Variceal bander

All band ligating devices use a means of capturing a lesion or mound of target tissue while a small-diameter circular band made of rubber, latex, or similar material is deployed around the base of the tissue to accomplish tight compression that leads to vascular compromise (or haemostasis) and subsequent thrombosis, necrosis, and sloughing.

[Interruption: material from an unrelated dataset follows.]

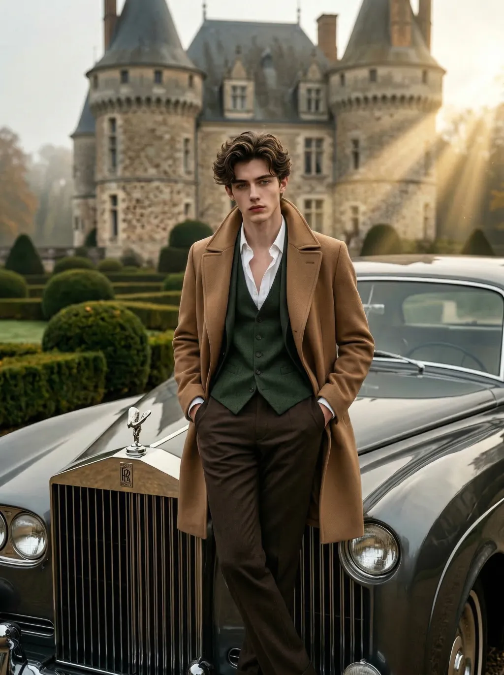 Professional Sony 8K cinematic photography, photorealistic, ultra-detailed. Keep the character's facial features from the uploaded image unchanged. He has carefully styled dark brown hair, with hands in pockets and legs crossed, leaning against a vintage dark gray luxury classic car. The front of the luxury car faces directly toward the camera, with the car logo clearly visible. The subject (the man) takes up a larger proportion of the frame. He wears a camel trench coat, layered with a dark green waistcoat and an unbuttoned white dress shirt, paired with tailored dark brown trousers. Background: a grand French chateau with neatly trimmed topiary gardens, overcast autumn atmosphere. Lighting: dramatic golden hour light with strong Tyndall effect (visible light beams), high-contrast chiaroscuro lighting on the face, deep shadows and bright highlights, full of atmosphere and cinematic sense. Style: classic men's fashion editorial, film grain, shallow depth of field, sharp focus on the subject, rich textures, vintage aesthetic.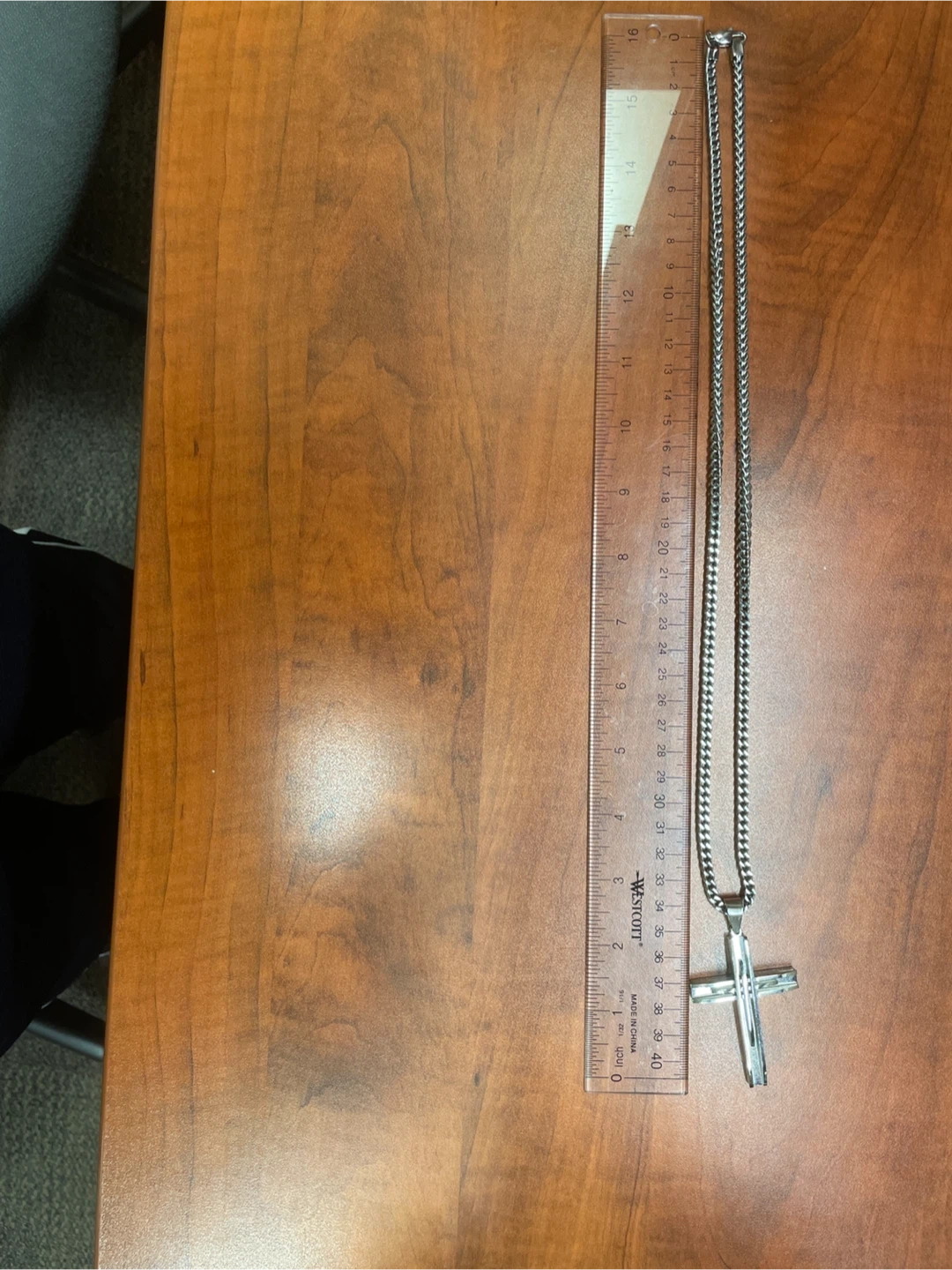 Selling a silver-toned cross pendant necklace. It is in great condition and features a classic design. The chain is a simple, durable style. Perfect for everyday wear!

Several components are common to all endoscopic band ligating devices:

  • A short transparent cylindrical cap carrying stretched bands
  • The cylindrical cap fits to the leading end of the endoscope
  • A tripwire that runs from the cap through the accessory channel to the control handle
  • A control handle with a retracting spool that is fixed to the biopsy port for attachment and firing of the trip wire; and an
  • Irrigation adapter or catheter that allows irrigation of the accessory channel.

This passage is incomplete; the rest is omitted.